IBM i Data AI Ready Lecture

Many software vendors, both within and outside the IBM i ecosystem, currently claim their platforms make data ‘AI-ready’. 

For an IBM i shop, that phrase needs a bit of a translation. 

A recent Fresche Talks session, “IBM i Data to AI-Ready Analytics: Where Your Growth Comes Next”, brought together Fresche’s analytics and data leads to answer the question directly.

It’s a useful reference point for anyone running RPG, COBOL or Synon applications on IBM i and wondering what to do next with AI.

We work with IBM i teams every day on support, development, modernisation and integration projects and the conversation in that session mirrors what we hear from clients: the interest in AI is real, but so is the caution. 

Nobody wants to put decades of business-critical code and data at risk just to chase a trend. 

Below, we’ve pulled out the four questions IBM i leaders ask most often, answered using what was actually said in the session.

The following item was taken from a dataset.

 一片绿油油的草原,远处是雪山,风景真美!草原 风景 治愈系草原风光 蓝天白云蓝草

What does AI-ready data actually mean for IBM i?

Db2 for i holds decades of accumulated business data. The vast majority of that business data was never designed with AI in mind. 

Traditional IBM i system object and column names were often limited to ten characters, resulting in abbreviated names that can be difficult to interpret outside the original application. 

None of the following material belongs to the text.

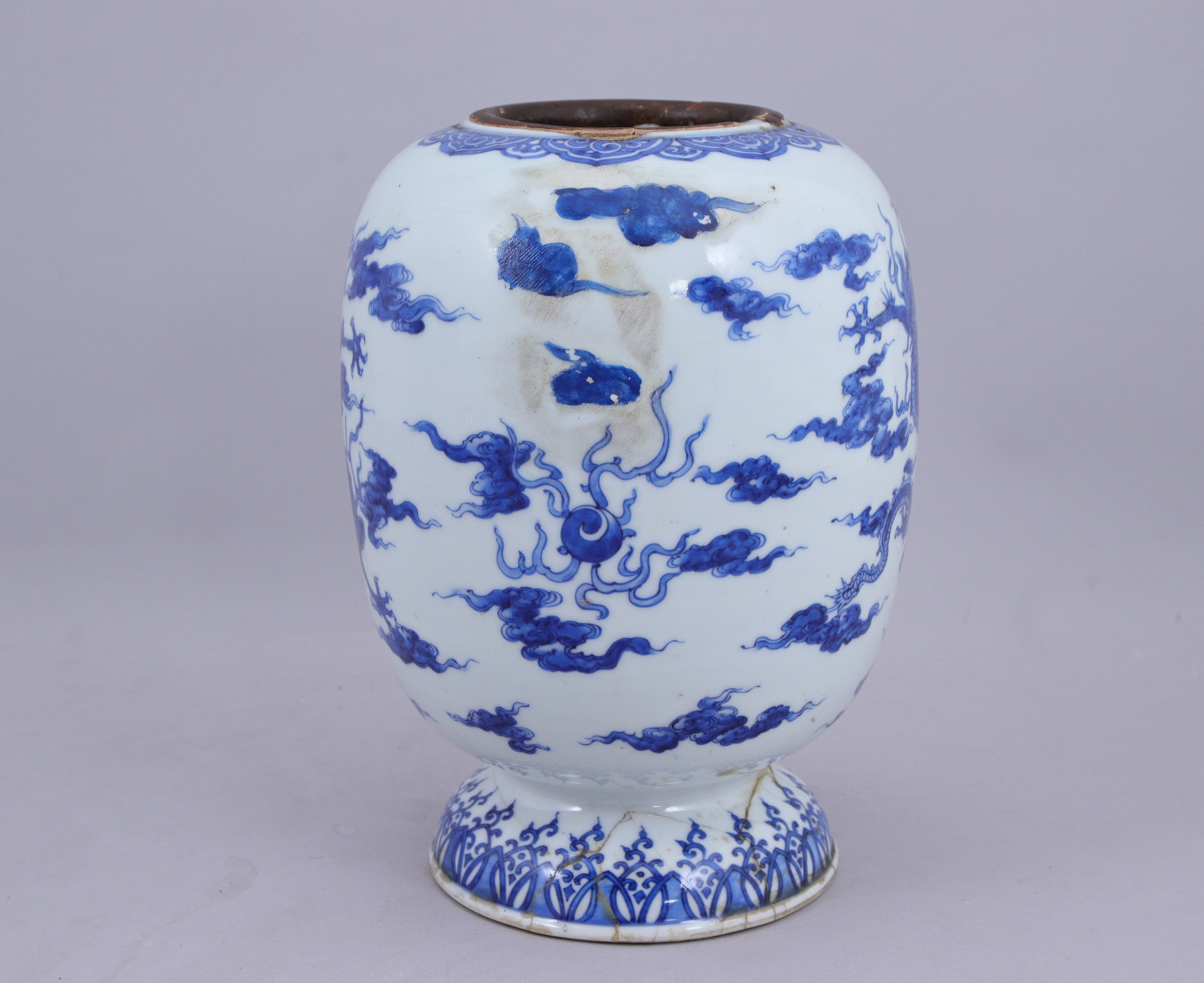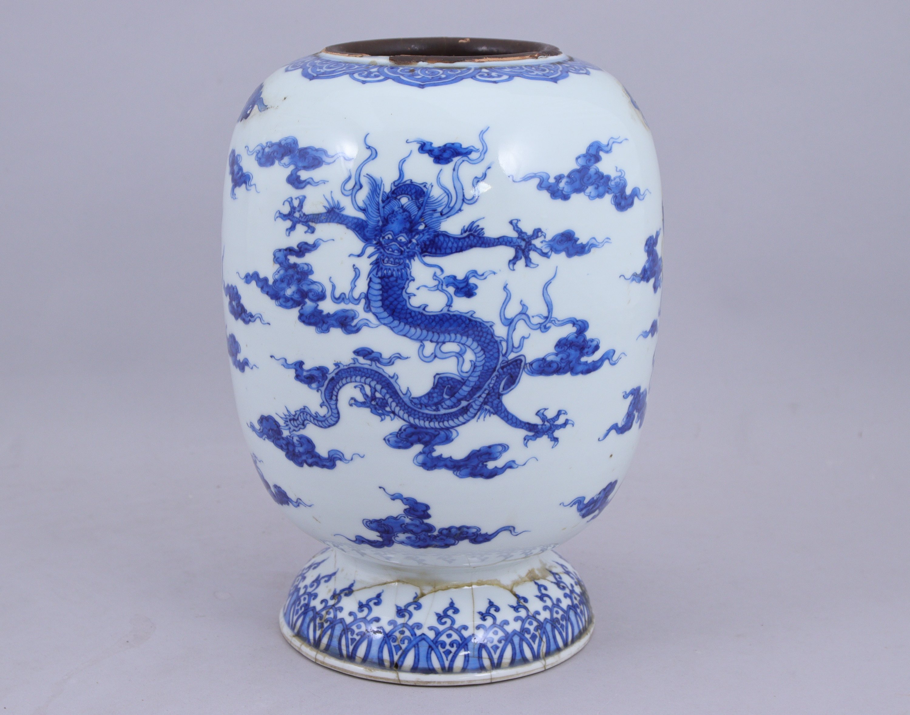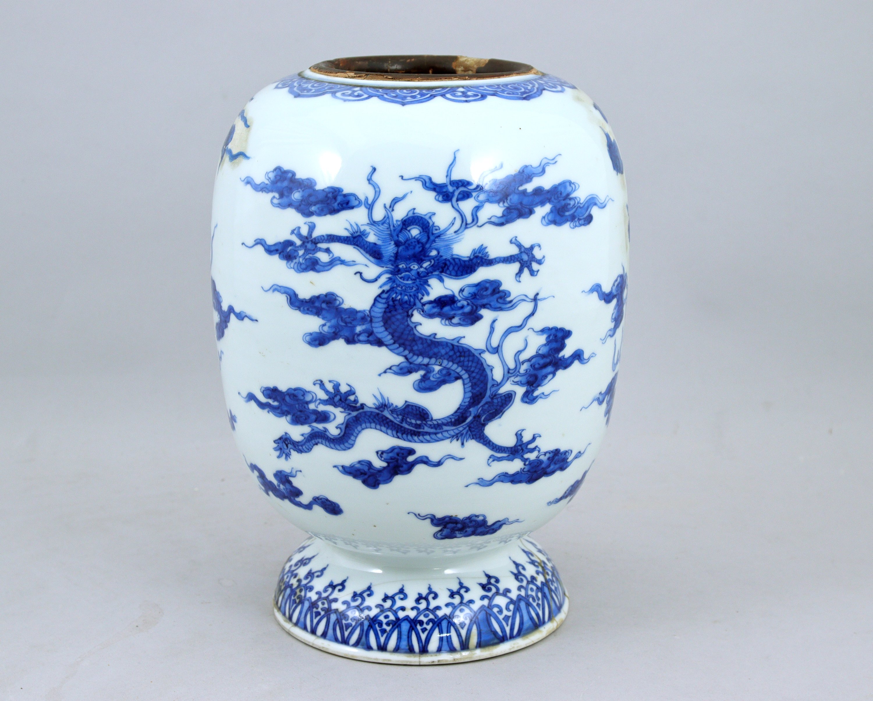 en porcelaine décorée en bleu sous couverte de dragons pourchassant la perle sacrée parmi les nuages.

That combination means raw Db2 for i data may not be sufficiently documented, contextualised, integrated or governed to be used directly by an AI application.

Making data AI-ready means addressing that gap on three fronts: cleaning and organising the data, making it readily and securely accessible to external analytics and AI platforms.  

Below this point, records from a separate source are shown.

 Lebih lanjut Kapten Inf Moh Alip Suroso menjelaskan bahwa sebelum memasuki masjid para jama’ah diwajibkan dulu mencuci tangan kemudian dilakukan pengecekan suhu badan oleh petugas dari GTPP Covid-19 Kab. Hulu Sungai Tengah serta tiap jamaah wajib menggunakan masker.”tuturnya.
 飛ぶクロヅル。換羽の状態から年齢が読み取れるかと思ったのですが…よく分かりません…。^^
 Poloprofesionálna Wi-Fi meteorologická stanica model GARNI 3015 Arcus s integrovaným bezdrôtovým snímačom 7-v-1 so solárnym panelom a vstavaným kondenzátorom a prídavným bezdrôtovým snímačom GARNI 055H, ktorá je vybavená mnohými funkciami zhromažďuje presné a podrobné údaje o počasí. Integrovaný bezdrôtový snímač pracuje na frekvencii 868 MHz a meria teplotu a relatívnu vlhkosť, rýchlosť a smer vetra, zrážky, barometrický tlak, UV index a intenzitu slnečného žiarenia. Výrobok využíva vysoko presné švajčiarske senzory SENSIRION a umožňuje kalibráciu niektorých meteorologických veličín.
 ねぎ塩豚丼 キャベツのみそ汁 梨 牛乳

In practice, that context takes the form of longer, descriptive field and table names and column descriptions layered on top of the existing database, plus governance so the data can be trusted once it’s in use. It also usually means bringing in data from outside IBM i, such as CRM systems, and combining it with the IBM i data in one place.

How do you modernise IBM i data access without risking what already works?

The instinct with any modernisation conversation is to assume it means migrating off IBM i.

That has the potential to be an expensive project with real business risk attached. 

That’s not the starting point the Fresche Talk session described. 

The approach discussed is augmentation rather than migration: adding or mapping descriptive SQL table and column names, aliases, views and column descriptions without altering the underlying data or core application logic that already runs the business.

From there, journal-based replication captures inserts, updates and deletes from the IBM i journal and applies those changes to a connected data platform.  

That’s where the metadata, additional data sources and AI access controls get added. The production system carries on exactly as it did before. Several vendors already run a replication tool for disaster recovery or high availability, and the session made the point that AI-focused replication adds no more overhead, and no more risk, than that existing tooling.

How does an MCP server actually expose IBM i data and code to AI tools?

Model Context Protocol (MCP) servers came up repeatedly in the session as the practical mechanism for connecting IBM i data and code to AI agents, whether that’s a GPT-based agent, Copilot, Claude, or something else. 

Once IBM i data is replicated into a governed data warehouse with metadata attached, an MCP server reads that structure and exposes it to chat agents directly, which is what lets a business move from producing static reports to letting people ask direct questions of governed, authoritative data.

The productised MCP server described in the session is read-only by design. 

Write-back is possible, but it requires more than the standard product: it needs its own governance layer, and in most cases it has to pass through the existing application logic that already validates the data, rather than writing to Db2 for i directly. 

That matters on IBM i specifically, because validation rules are often built into the RPG, COBOL or Java program layer rather than the database itself, so bypassing that layer on a write-back path would bypass the checks that keep the data reliable in the first place.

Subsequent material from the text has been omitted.